*** Opening Task material ***

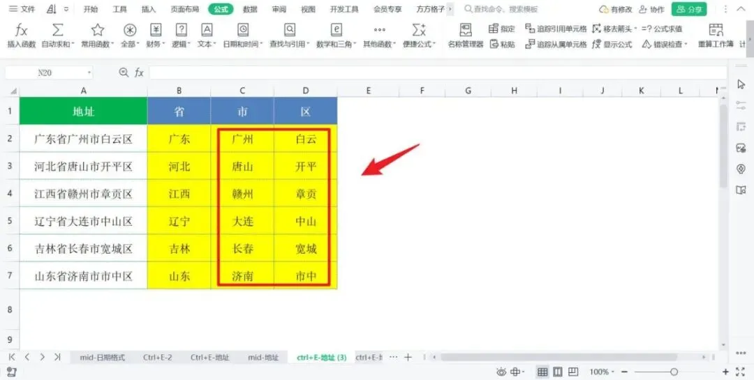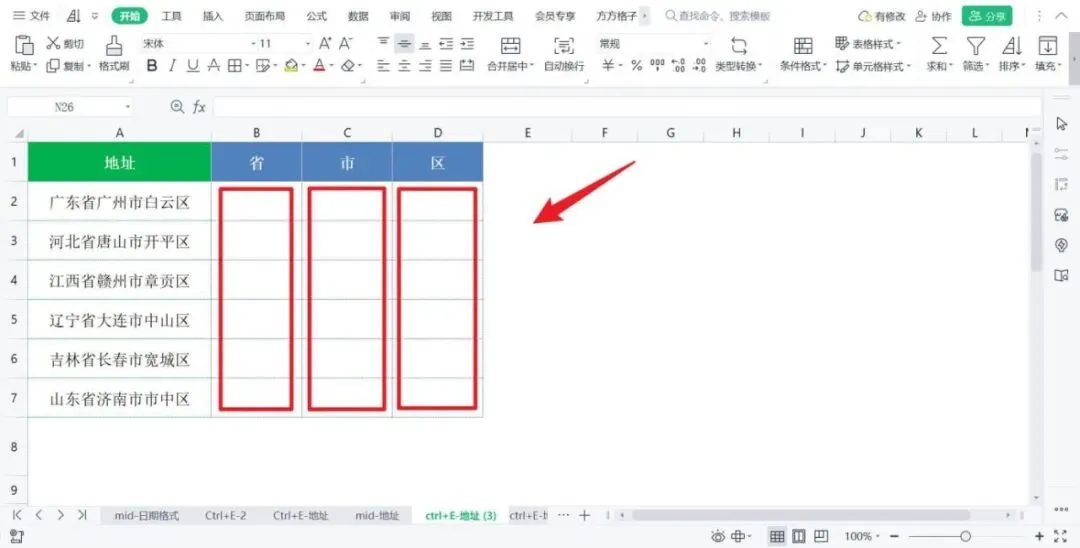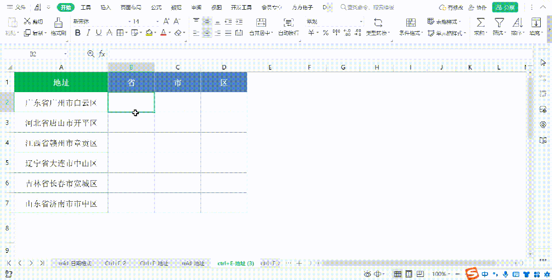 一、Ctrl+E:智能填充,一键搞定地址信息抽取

*** Closing Task material ***
*** Opening Task material ***

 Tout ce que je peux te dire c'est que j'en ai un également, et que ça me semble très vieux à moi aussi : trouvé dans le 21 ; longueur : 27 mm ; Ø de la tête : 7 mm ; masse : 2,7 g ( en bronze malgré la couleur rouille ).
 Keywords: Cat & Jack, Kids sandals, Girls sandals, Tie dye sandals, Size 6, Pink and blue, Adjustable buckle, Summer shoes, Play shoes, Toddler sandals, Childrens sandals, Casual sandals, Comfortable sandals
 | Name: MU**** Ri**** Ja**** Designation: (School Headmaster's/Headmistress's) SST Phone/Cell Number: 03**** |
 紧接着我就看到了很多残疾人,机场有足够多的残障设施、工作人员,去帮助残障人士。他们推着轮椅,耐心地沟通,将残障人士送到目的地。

*** Closing Task material ***
*** Opening Task material ***

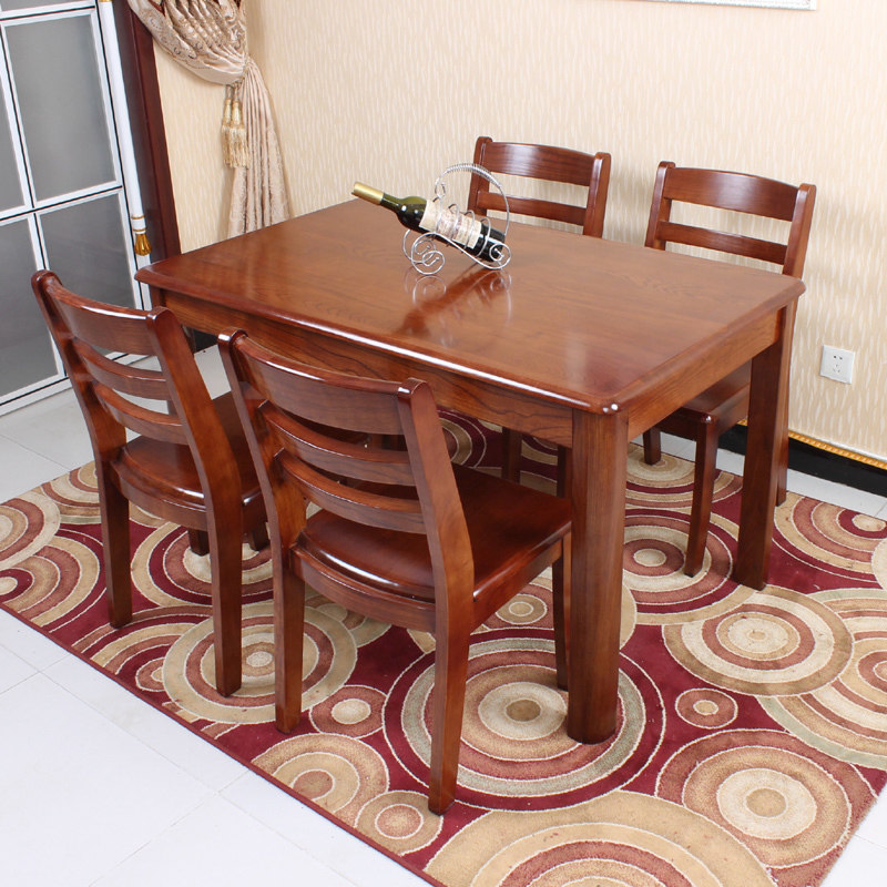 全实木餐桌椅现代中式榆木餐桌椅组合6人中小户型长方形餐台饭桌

*** Closing Task material ***

[Your task] From the records above, give again exactly the lines running from the line with "Number: 03**** |" to the line with "紧接着我就看到了很多残疾人,机场有足够多", inclusive.

[Task output]
 | Name: MU**** Ri**** Ja**** Designation: (School Headmaster's/Headmistress's) SST Phone/Cell Number: 03**** |
 紧接着我就看到了很多残疾人,机场有足够多的残障设施、工作人员,去帮助残障人士。他们推着轮椅,耐心地沟通,将残障人士送到目的地。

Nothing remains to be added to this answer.